START RECORDS FOR THE TASK

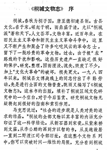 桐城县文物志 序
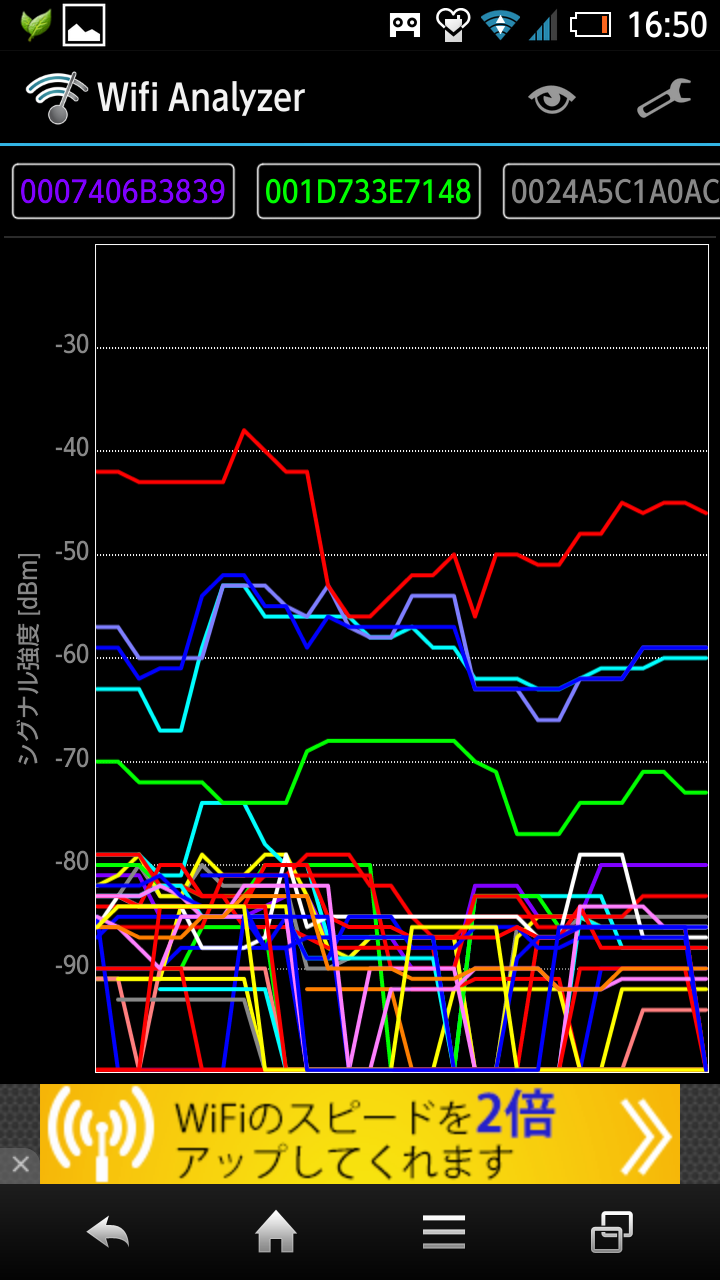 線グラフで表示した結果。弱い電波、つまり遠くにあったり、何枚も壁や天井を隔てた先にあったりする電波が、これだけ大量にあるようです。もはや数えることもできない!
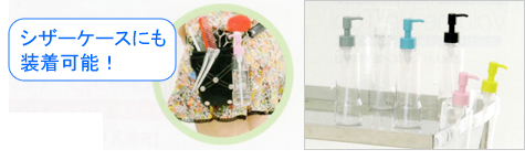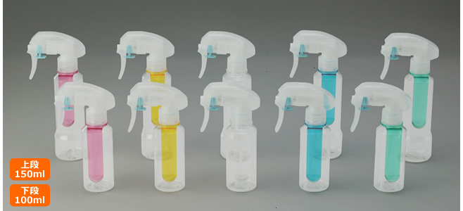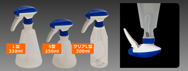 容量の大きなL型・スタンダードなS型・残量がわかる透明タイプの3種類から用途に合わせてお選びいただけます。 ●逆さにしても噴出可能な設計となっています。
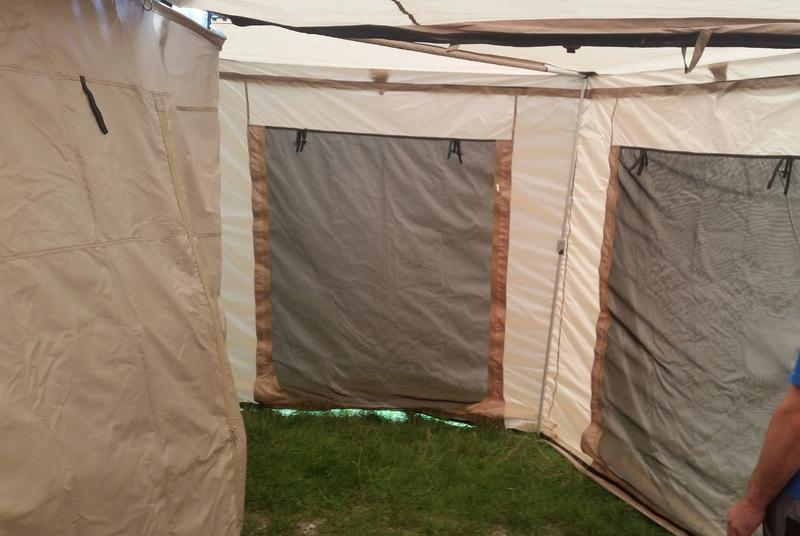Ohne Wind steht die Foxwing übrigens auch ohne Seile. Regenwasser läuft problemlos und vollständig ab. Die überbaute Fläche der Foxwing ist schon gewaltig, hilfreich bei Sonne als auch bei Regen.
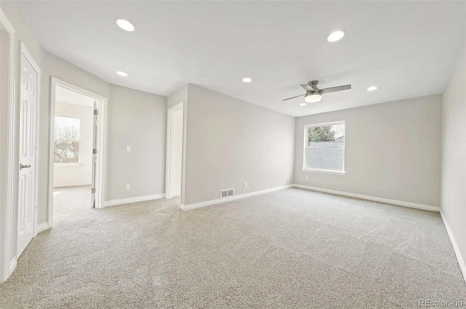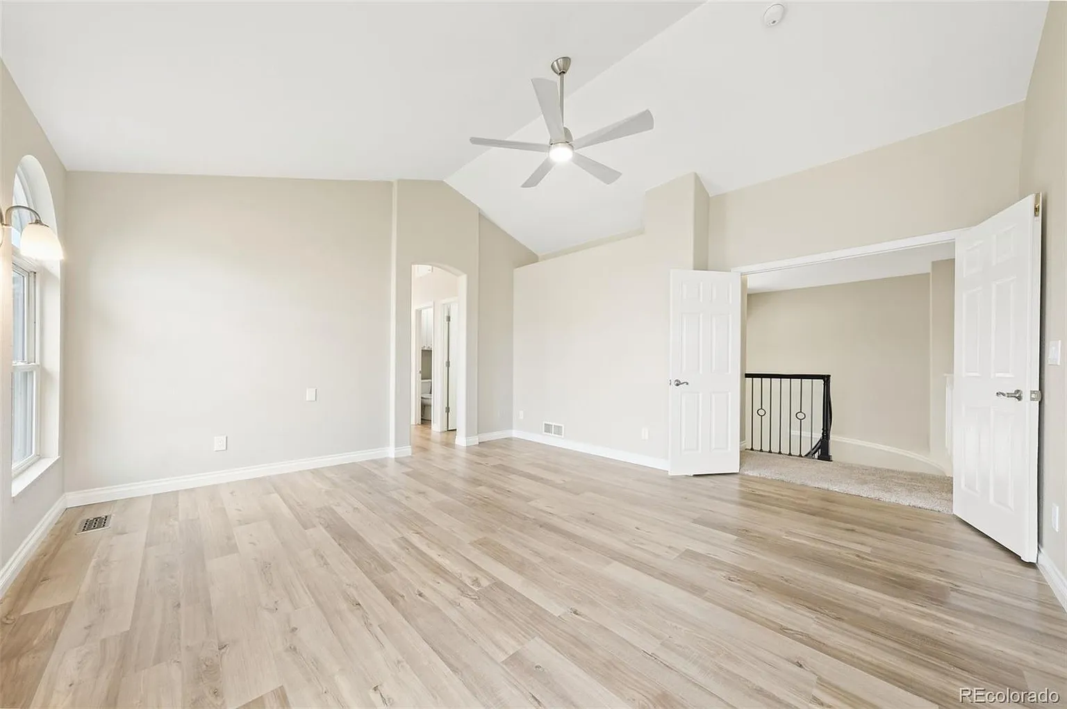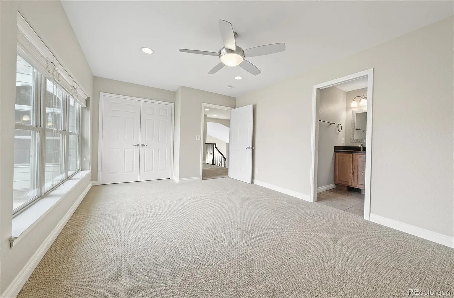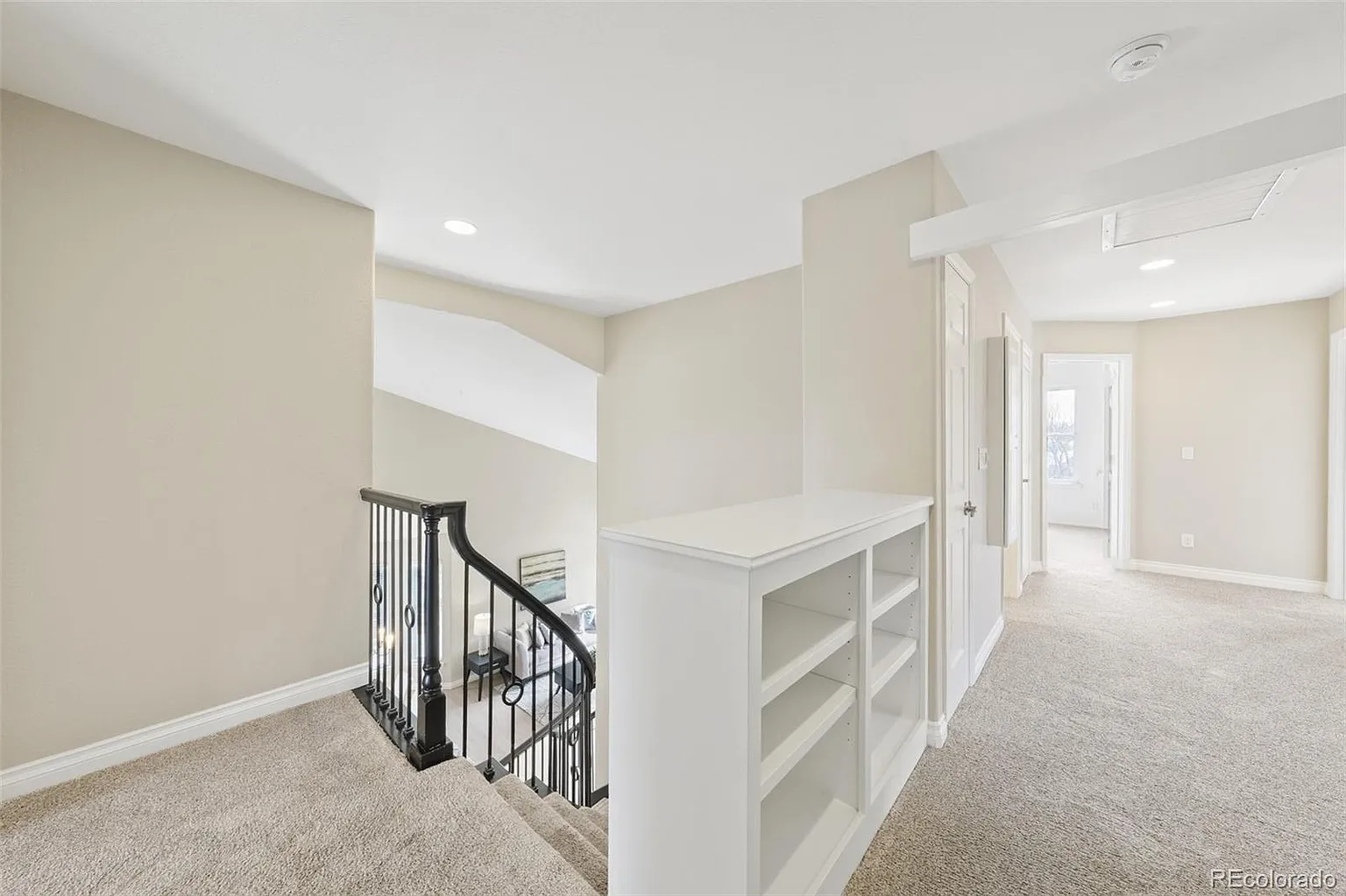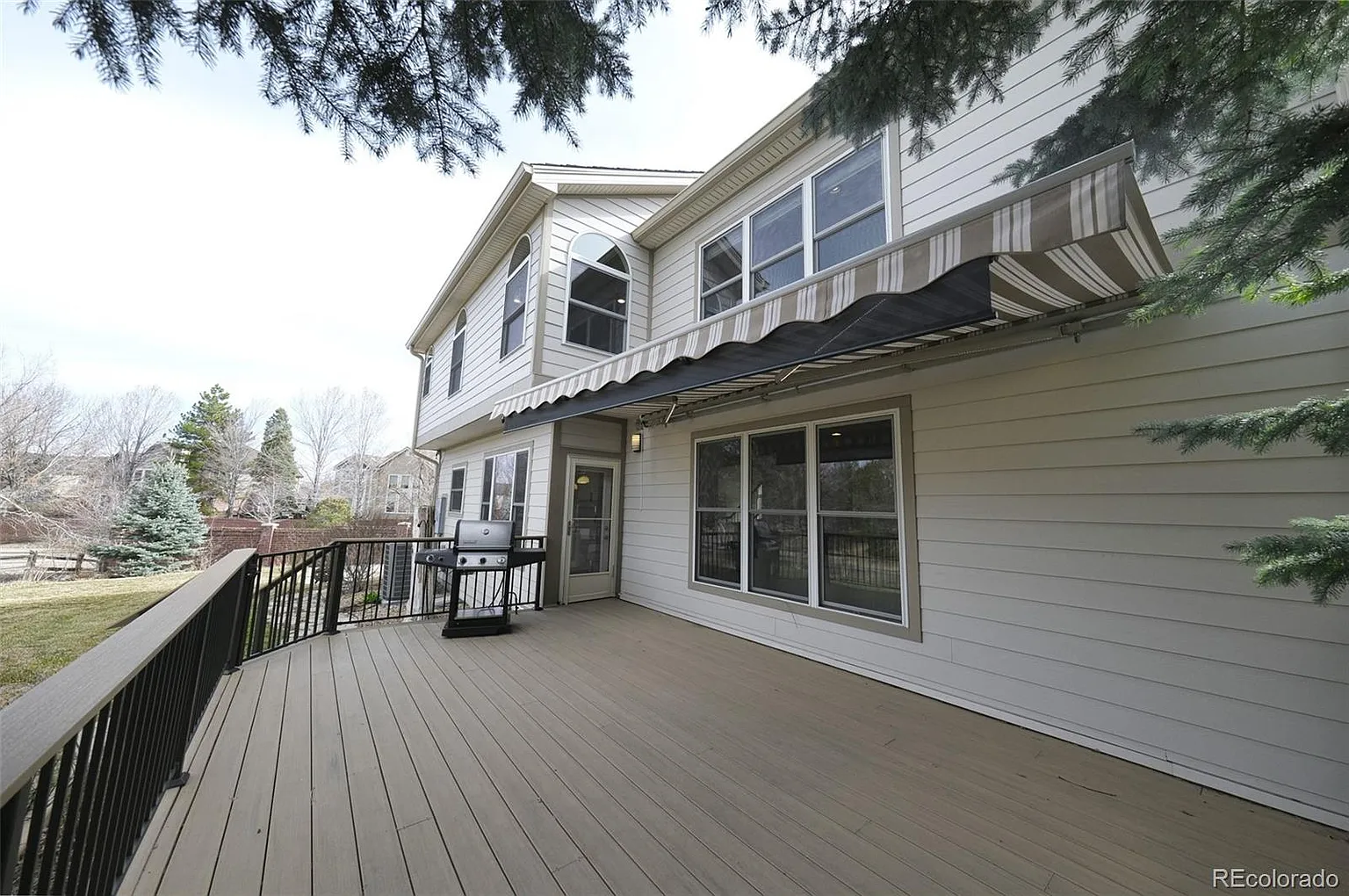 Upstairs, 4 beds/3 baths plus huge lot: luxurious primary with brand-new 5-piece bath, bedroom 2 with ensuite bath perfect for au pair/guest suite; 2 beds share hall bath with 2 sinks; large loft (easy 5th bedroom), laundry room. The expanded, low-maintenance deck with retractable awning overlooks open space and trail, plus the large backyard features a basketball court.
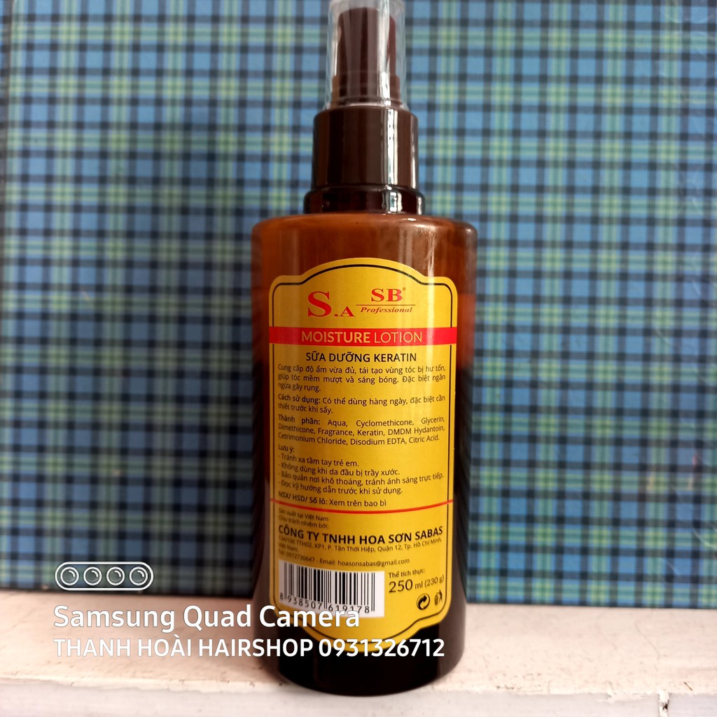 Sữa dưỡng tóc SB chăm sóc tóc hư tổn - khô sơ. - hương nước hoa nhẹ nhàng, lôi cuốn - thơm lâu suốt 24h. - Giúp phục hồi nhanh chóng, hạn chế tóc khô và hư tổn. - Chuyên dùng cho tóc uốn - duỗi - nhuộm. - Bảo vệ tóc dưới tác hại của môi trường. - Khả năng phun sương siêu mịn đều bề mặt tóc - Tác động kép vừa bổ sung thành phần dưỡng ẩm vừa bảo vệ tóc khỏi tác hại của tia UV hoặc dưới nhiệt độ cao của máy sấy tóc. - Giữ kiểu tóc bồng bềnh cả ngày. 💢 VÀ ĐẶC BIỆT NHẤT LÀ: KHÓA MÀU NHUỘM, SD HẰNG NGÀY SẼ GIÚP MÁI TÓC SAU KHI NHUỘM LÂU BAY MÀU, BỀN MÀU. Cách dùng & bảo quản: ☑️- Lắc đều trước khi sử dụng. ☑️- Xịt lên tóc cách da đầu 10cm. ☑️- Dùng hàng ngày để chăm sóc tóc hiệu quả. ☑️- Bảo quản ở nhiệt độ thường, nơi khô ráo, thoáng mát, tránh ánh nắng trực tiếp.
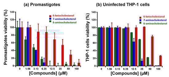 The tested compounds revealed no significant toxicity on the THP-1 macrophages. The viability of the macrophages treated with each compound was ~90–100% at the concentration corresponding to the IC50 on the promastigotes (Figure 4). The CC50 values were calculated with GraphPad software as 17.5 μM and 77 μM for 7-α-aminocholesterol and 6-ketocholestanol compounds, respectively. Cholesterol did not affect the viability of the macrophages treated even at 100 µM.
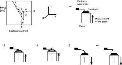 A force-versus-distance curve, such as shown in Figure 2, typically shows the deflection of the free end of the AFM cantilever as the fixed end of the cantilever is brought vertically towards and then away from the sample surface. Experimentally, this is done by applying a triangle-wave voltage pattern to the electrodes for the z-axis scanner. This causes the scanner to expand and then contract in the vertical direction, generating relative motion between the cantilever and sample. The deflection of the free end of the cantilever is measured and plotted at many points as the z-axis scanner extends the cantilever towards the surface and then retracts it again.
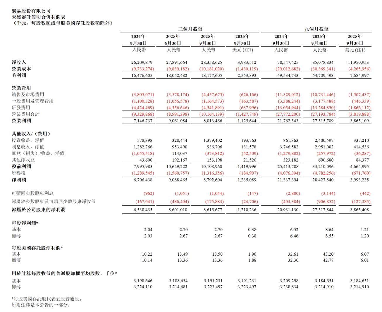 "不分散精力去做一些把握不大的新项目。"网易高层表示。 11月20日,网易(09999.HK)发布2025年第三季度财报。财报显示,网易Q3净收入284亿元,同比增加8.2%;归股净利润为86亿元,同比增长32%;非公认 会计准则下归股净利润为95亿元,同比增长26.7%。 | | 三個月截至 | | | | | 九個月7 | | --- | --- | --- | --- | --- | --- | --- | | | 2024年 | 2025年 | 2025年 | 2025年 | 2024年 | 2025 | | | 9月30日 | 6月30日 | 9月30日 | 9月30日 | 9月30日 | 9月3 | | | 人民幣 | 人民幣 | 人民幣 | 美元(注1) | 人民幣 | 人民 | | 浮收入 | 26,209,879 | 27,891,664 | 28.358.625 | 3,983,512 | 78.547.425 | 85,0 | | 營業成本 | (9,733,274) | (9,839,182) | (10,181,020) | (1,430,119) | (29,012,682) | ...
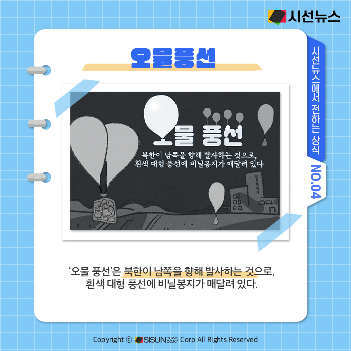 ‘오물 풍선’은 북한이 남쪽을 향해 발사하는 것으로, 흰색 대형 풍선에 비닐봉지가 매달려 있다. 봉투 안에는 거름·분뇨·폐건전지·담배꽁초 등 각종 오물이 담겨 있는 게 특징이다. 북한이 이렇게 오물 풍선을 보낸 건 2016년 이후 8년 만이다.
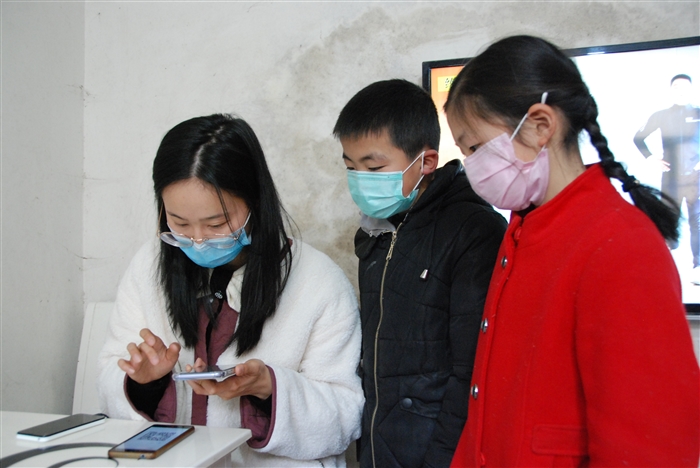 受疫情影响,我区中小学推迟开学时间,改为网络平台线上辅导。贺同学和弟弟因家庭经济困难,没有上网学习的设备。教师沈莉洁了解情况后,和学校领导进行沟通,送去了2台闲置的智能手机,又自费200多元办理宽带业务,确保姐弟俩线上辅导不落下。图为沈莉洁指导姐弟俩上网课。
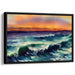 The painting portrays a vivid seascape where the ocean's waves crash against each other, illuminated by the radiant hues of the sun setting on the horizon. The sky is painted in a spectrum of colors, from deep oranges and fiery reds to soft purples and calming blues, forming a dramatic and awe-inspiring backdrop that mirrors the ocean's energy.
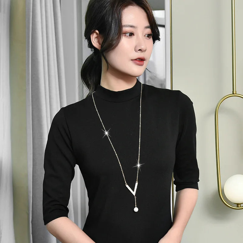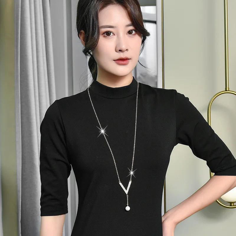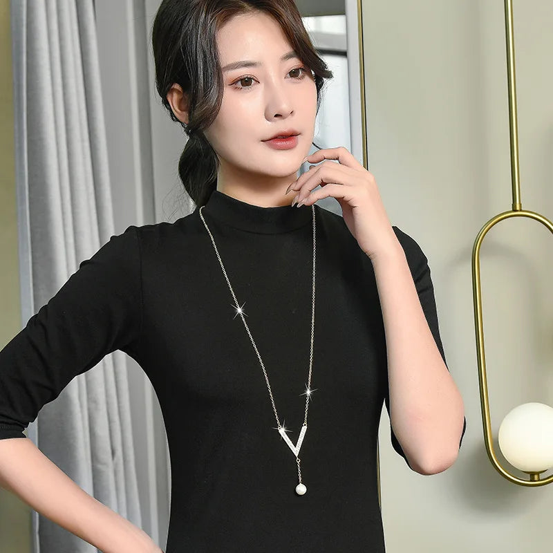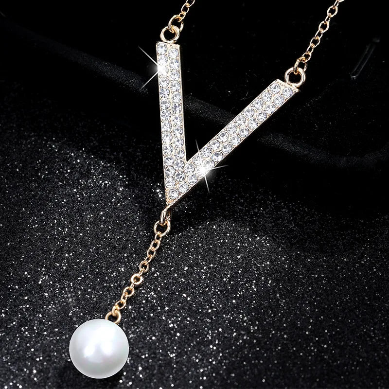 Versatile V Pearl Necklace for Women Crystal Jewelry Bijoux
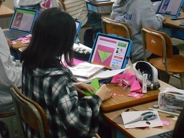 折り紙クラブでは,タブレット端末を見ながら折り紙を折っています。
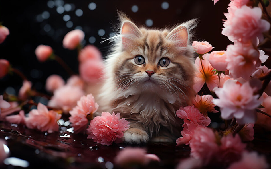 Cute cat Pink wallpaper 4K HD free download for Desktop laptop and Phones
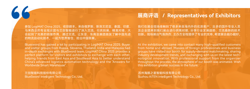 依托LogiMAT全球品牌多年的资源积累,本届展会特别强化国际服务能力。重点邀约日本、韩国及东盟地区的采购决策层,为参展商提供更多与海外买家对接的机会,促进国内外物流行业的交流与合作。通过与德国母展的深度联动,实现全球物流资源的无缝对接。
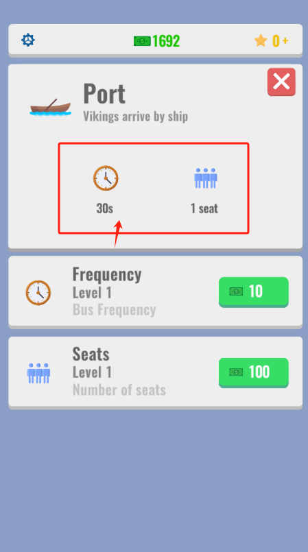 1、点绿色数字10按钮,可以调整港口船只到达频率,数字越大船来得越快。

END RECORDS FOR THE TASK

Copy exactly the lines from the one containing "受疫情影响,我区中小学推迟开" to the end of the records, both included, and leave the pictures out.

 受疫情影响,我区中小学推迟开学时间,改为网络平台线上辅导。贺同学和弟弟因家庭经济困难,没有上网学习的设备。教师沈莉洁了解情况后,和学校领导进行沟通,送去了2台闲置的智能手机,又自费200多元办理宽带业务,确保姐弟俩线上辅导不落下。图为沈莉洁指导姐弟俩上网课。
 The painting portrays a vivid seascape where the ocean's waves crash against each other, illuminated by the radiant hues of the sun setting on the horizon. The sky is painted in a spectrum of colors, from deep oranges and fiery reds to soft purples and calming blues, forming a dramatic and awe-inspiring backdrop that mirrors the ocean's energy.
 Versatile V Pearl Necklace for Women Crystal Jewelry Bijoux
 折り紙クラブでは,タブレット端末を見ながら折り紙を折っています。
 Cute cat Pink wallpaper 4K HD free download for Desktop laptop and Phones
 依托LogiMAT全球品牌多年的资源积累,本届展会特别强化国际服务能力。重点邀约日本、韩国及东盟地区的采购决策层,为参展商提供更多与海外买家对接的机会,促进国内外物流行业的交流与合作。通过与德国母展的深度联动,实现全球物流资源的无缝对接。
 1、点绿色数字10按钮,可以调整港口船只到达频率,数字越大船来得越快。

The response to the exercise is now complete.